Crede nel subconscio come i cattolici più convinti credono nella Trinità e nella dottrina della transustanzazione. Per lei il subconscio spiega ogni cosa e le permette, quindi, di distribuire recriminazioni e assoluzioni su base subconscie. Una fonte tanto di condanna quanto di redenzione, a seconda dell’umore del momento. Steve Tesich, Karoo. Adelphi.

La Mina non è la tigre di Cremona. È un usignolo con la forza di un rinoceronte e l’anima di uno sciacallo. Andrea Gentile, Volevo tutto. Rizzoli.

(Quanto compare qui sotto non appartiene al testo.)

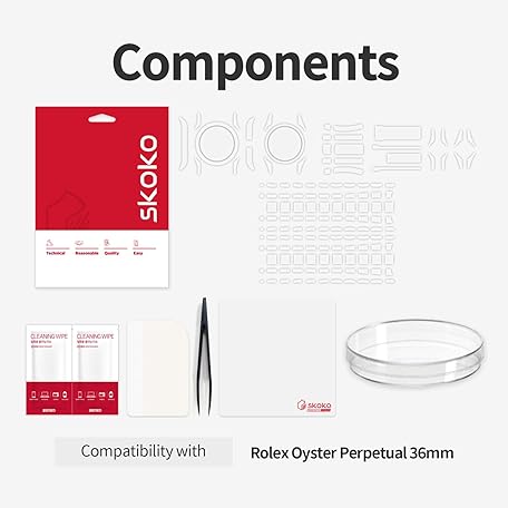 skoko [1セットフルパッケージ ボディ保護フィルム ロレックス オイスター パーペチュアル 36mm Ref. 126000 対応 光沢クリアスキン フルカバー 傷跡防止 トリッキーな部分のための予備のピース]
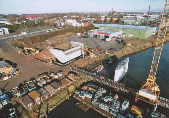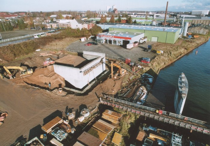 | 21.11.2005 - Lübeck: Bau einer Traveklappbrücke im Zuge der Nordtangente Blick auf das westliche Traveufer. Von links nach rechts: - der westliche Turmdrehkran - der Pfeiler 1 (P1) - das Widerlager West (WW) Foto: Einar Maschmann - Kappeln |
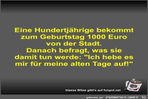 | Eine Hundertjährige bekommt zum Geburtstag 1000 Euro von... Bild (35.89 KB) 7Lustiges → klasse Sprüche und Witze | Lustiges → klasse Sprüche und Witze | 25.05.21-14:40 | Fossy | |
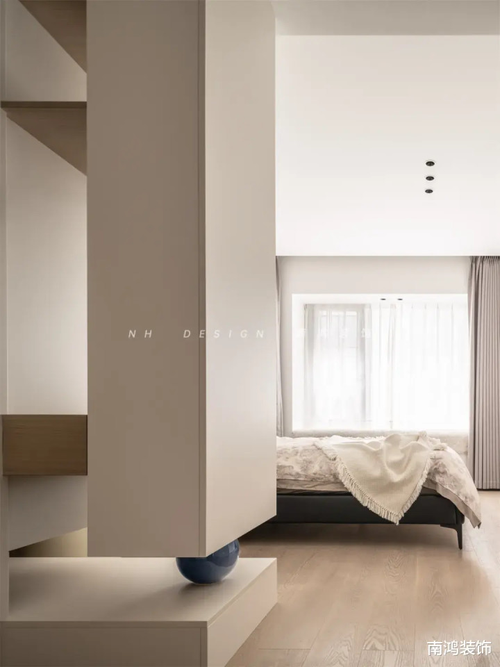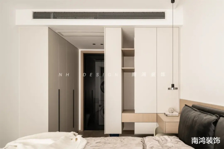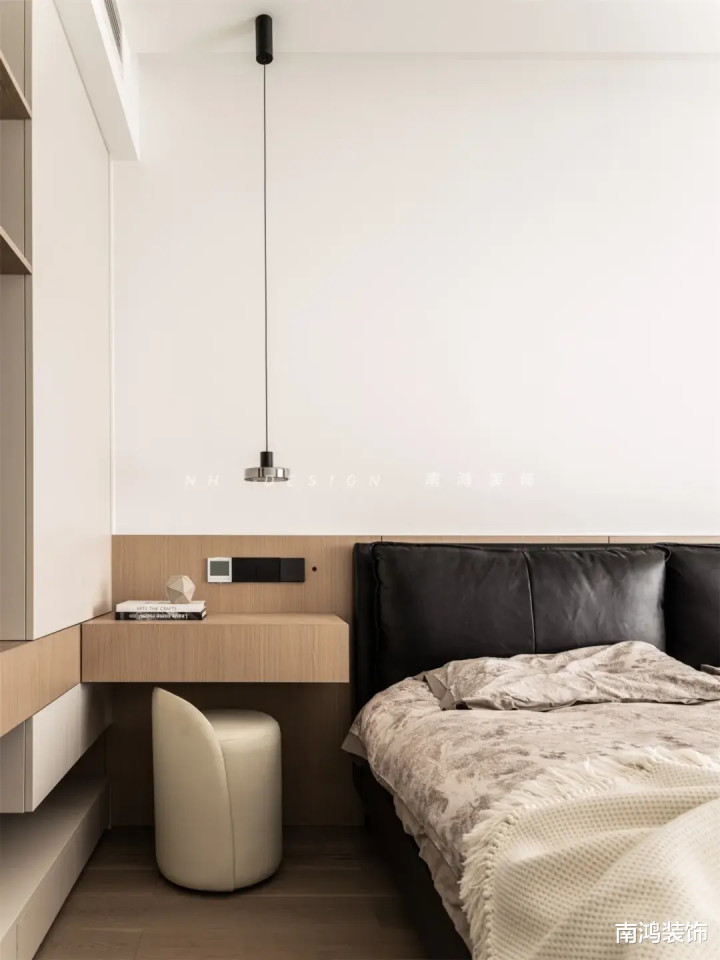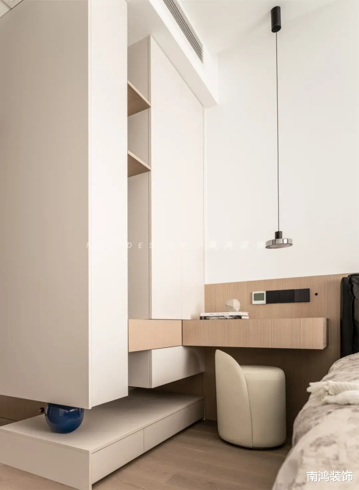 主卧有着极简框架下独属的克制、静谧氛围,床侧梳妆台当然地从柜体延迟而出,在颜色与结构上造成完整过渡,线条舒展而通达。
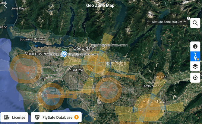 🛑 In places like Vancouver, where airspace is complex and populated, many overlapping zones may appear.
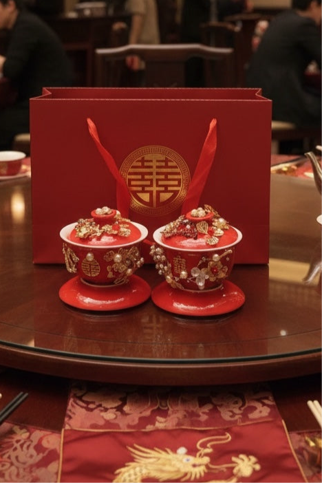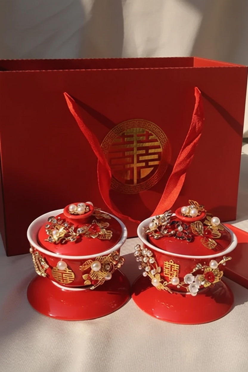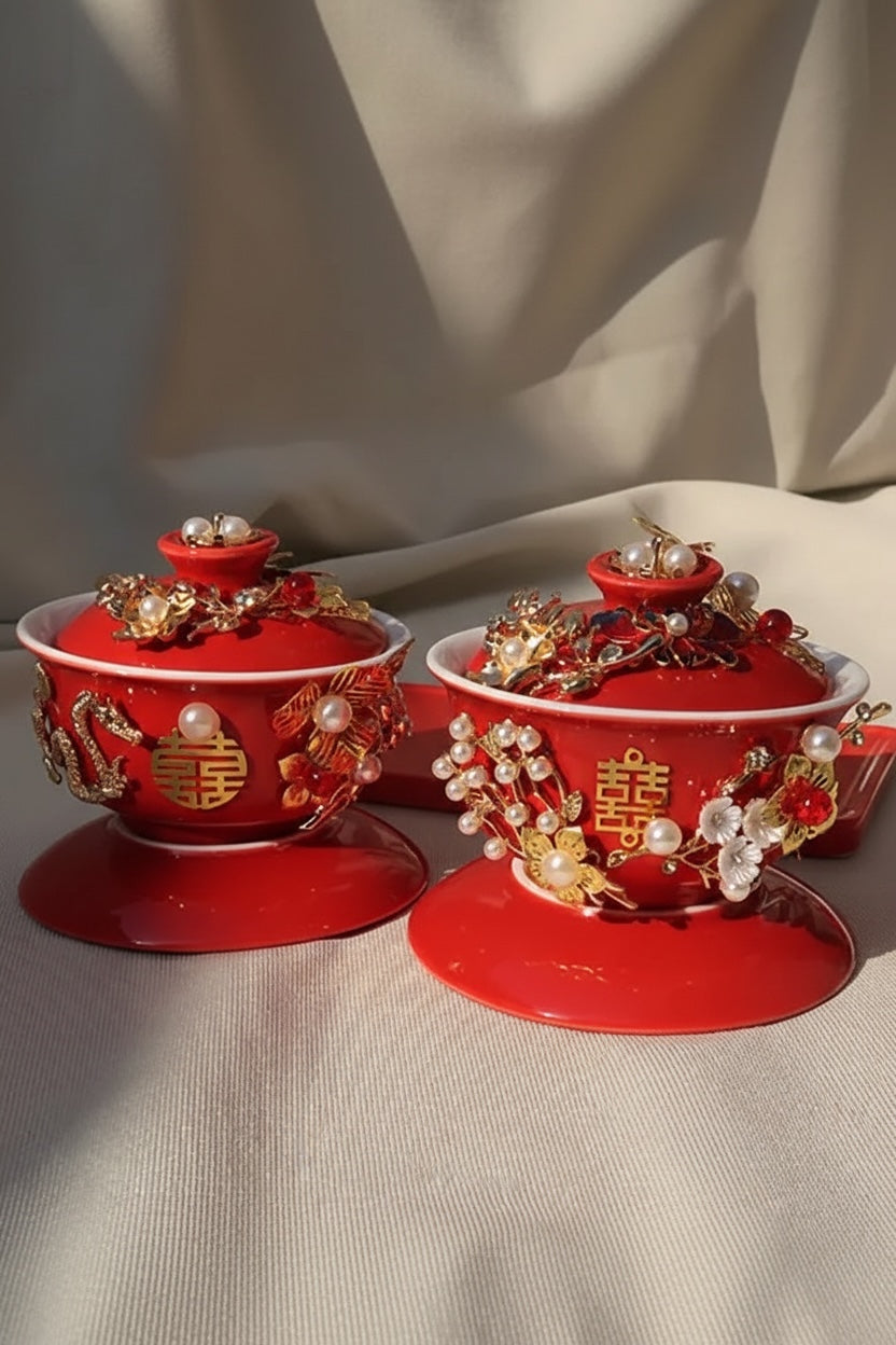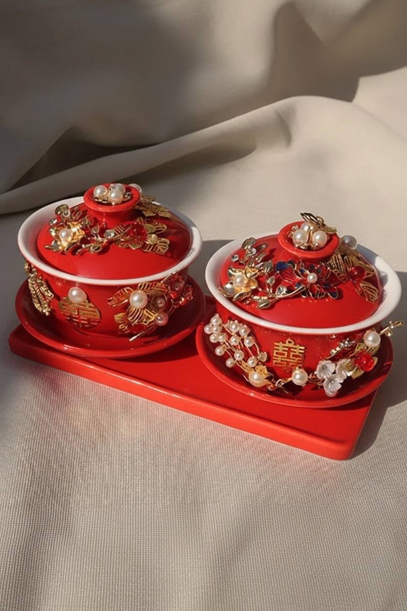 طقم مكون من وعاء شاي سيراميك ثلاثي الأبعاد مصنوع يدويًا من الذهب واللؤلؤ، يحمل شعار "السعادة المزدوجة"، مع غطاء وصحن وصينية.

Mi era piaciuto molto La califfa di Alberto Bevilacqua, sapevo tutto di lui. Era stato giornalista sul campo, come me. Lo aveva scoperto Leonardo Sciascia, che un giorno del 1955 s’era presentato di persona (essendo Bevilacqua sprovvisto di telefono) nella sua modestissima casa di Parma. «C’è alla porta un tizio vestito di nero come un becchino che vuol parlare con te», gli disse la madre. Tramite un amico parmigiano, lo scrittore siciliano aveva avuto occasione di leggere il primo romanzo del giovanotto, La polvere sull’erba, che però sarebbe uscito soltanto 45 anni dopo. Gli era venuta voglia di conoscerlo. Credo che Sciascia sia stato uno dei pochi, se non l’unico, a dimostrargli simpatia. Per il resto Bevilacqua era detestato dalla casta dei sopracciò della cultura, che, invidiosi del suo successo, lo trattavano come un romanziere da collana Harmony. Vittorio Feltri e Stefano Lorenzetto, Buoni e cattivi. Marsilio.

Ha una tale paura di fare una brutta figura che ne farà una ancora peggiore. Roberto Gervaso. Il Messaggero.